[Information shown]:
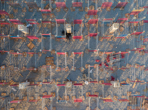 Detail shot of freshly laid red bricks and mortar on a construction site, with scaffolding and wooden elements visible.
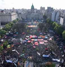 ▲ Miles de personas colmaron ayer la Plaza del Congreso de Buenos Aires, Argentina, en defensa de la educación pública ante la intención del presidente Javier Milei de vetar una ley aprobada recientemente que busca mejorar el presupuesto de las universidades. Foto Afp / S. Calloni, corresponsal
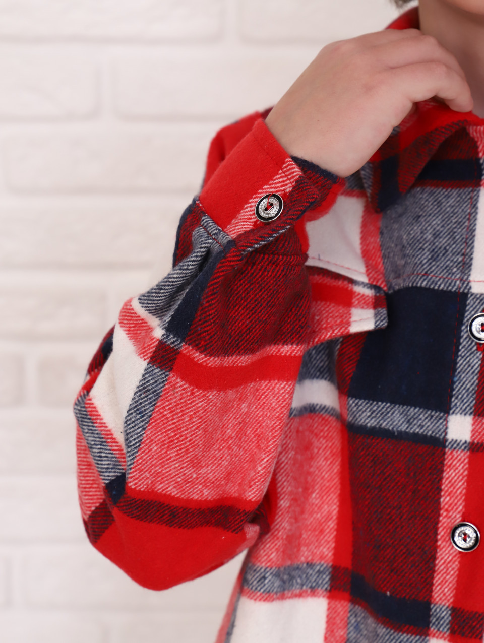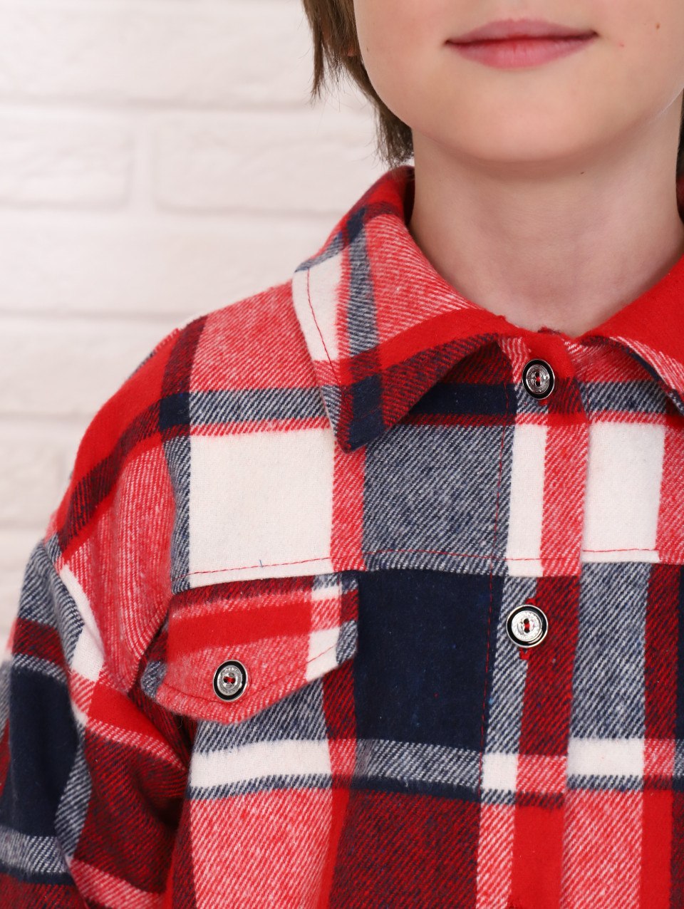 Детская рубашка, утепленная, демисезонная, с легким начесом, материал - фланель, без подкладки. Свободный крой с заниженной линией плеча не сковывает движения, позволяя ребенку быть активным. Модель дополнена отложным воротником и длинными рукавами с манжетами на пуговицах. Два накладной кармана-обманки на груди. Детская утепленная рубашка в клетку для девочки или для мальчика станет отличным дополнением гардероба Вашего ребенка. Теплая рубашка подойдет для активного отдыха, спорта, прогулок и праздников.
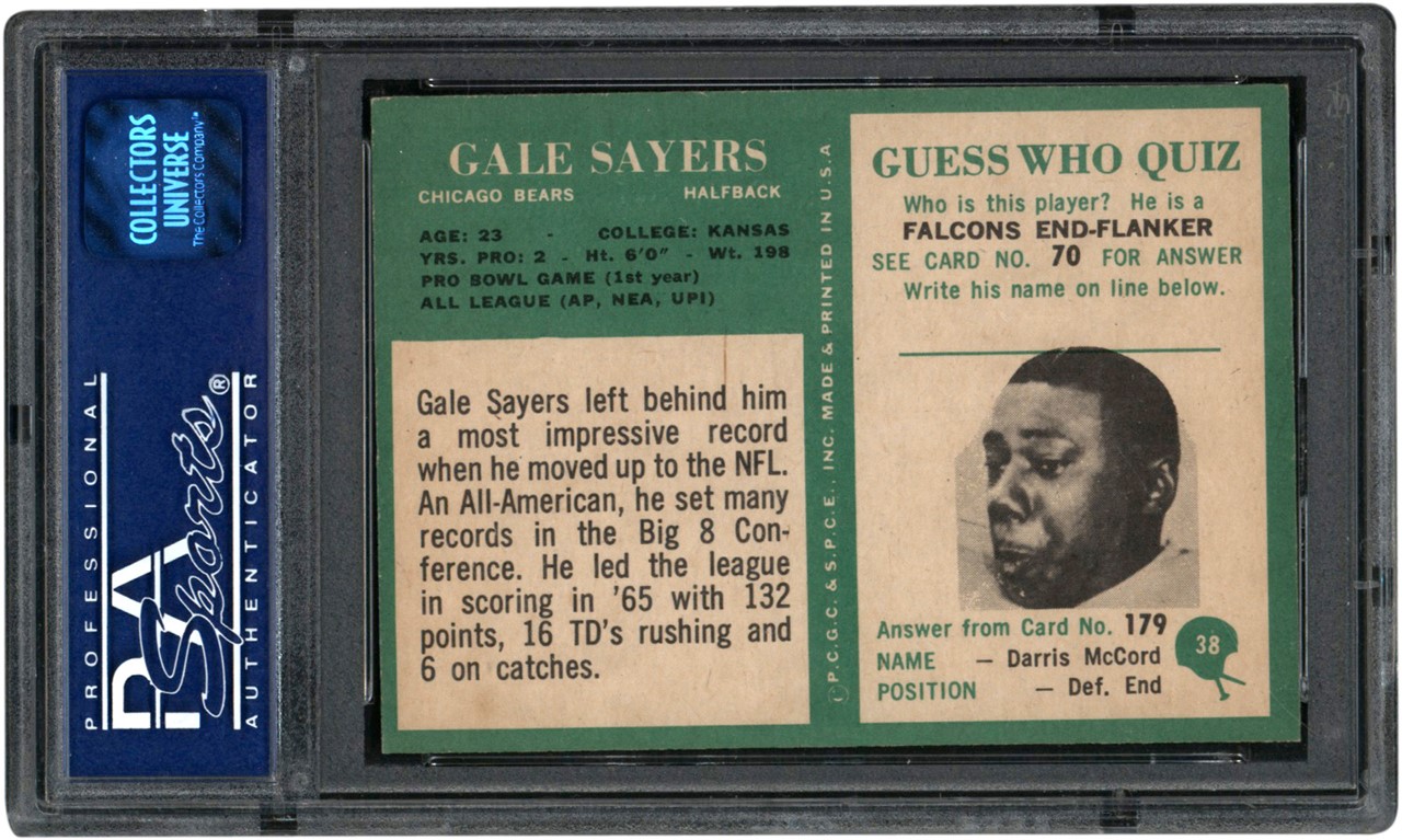 1966 Philadelphia Football #38 Gale Sayers Rookie Card. Graded NM-MT 8 by PSA. To date, PSA has graded 2,715 examples of Sayers' 1966 Philadelphia rookie card. Of that total, only 49 have been graded higher than the offered example. This is an outstanding high-grade Sayers rookie card, which is also one of the keys to the popular 1966 Philadelphia Football set.
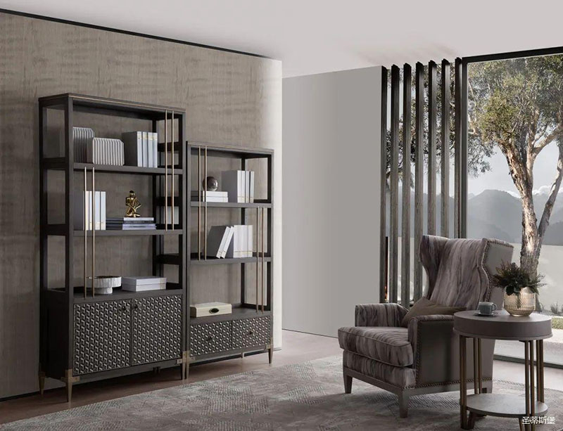 沉靜雅致的書房空間,溫潤實木與硬朗金屬線條相互配合,運用基礎幾何,打造空間的高級感。輕奢質感緩緩流淌,書籍整齊,擺件精致,無一不追求著精致細節與極致的品味,營造出時尚與沉穩并列的氛圍,詮釋著居者對是生活環境的內在追求。

[Exercise brief]:
The copy should hold exactly the lines from the one containing "Детская рубашка, утепленная, демисезонная, с" through the final line of the records above, both ends included, and no picture.

[Problem solution]:
 Детская рубашка, утепленная, демисезонная, с легким начесом, материал - фланель, без подкладки. Свободный крой с заниженной линией плеча не сковывает движения, позволяя ребенку быть активным. Модель дополнена отложным воротником и длинными рукавами с манжетами на пуговицах. Два накладной кармана-обманки на груди. Детская утепленная рубашка в клетку для девочки или для мальчика станет отличным дополнением гардероба Вашего ребенка. Теплая рубашка подойдет для активного отдыха, спорта, прогулок и праздников.
 1966 Philadelphia Football #38 Gale Sayers Rookie Card. Graded NM-MT 8 by PSA. To date, PSA has graded 2,715 examples of Sayers' 1966 Philadelphia rookie card. Of that total, only 49 have been graded higher than the offered example. This is an outstanding high-grade Sayers rookie card, which is also one of the keys to the popular 1966 Philadelphia Football set.
 沉靜雅致的書房空間,溫潤實木與硬朗金屬線條相互配合,運用基礎幾何,打造空間的高級感。輕奢質感緩緩流淌,書籍整齊,擺件精致,無一不追求著精致細節與極致的品味,營造出時尚與沉穩并列的氛圍,詮釋著居者對是生活環境的內在追求。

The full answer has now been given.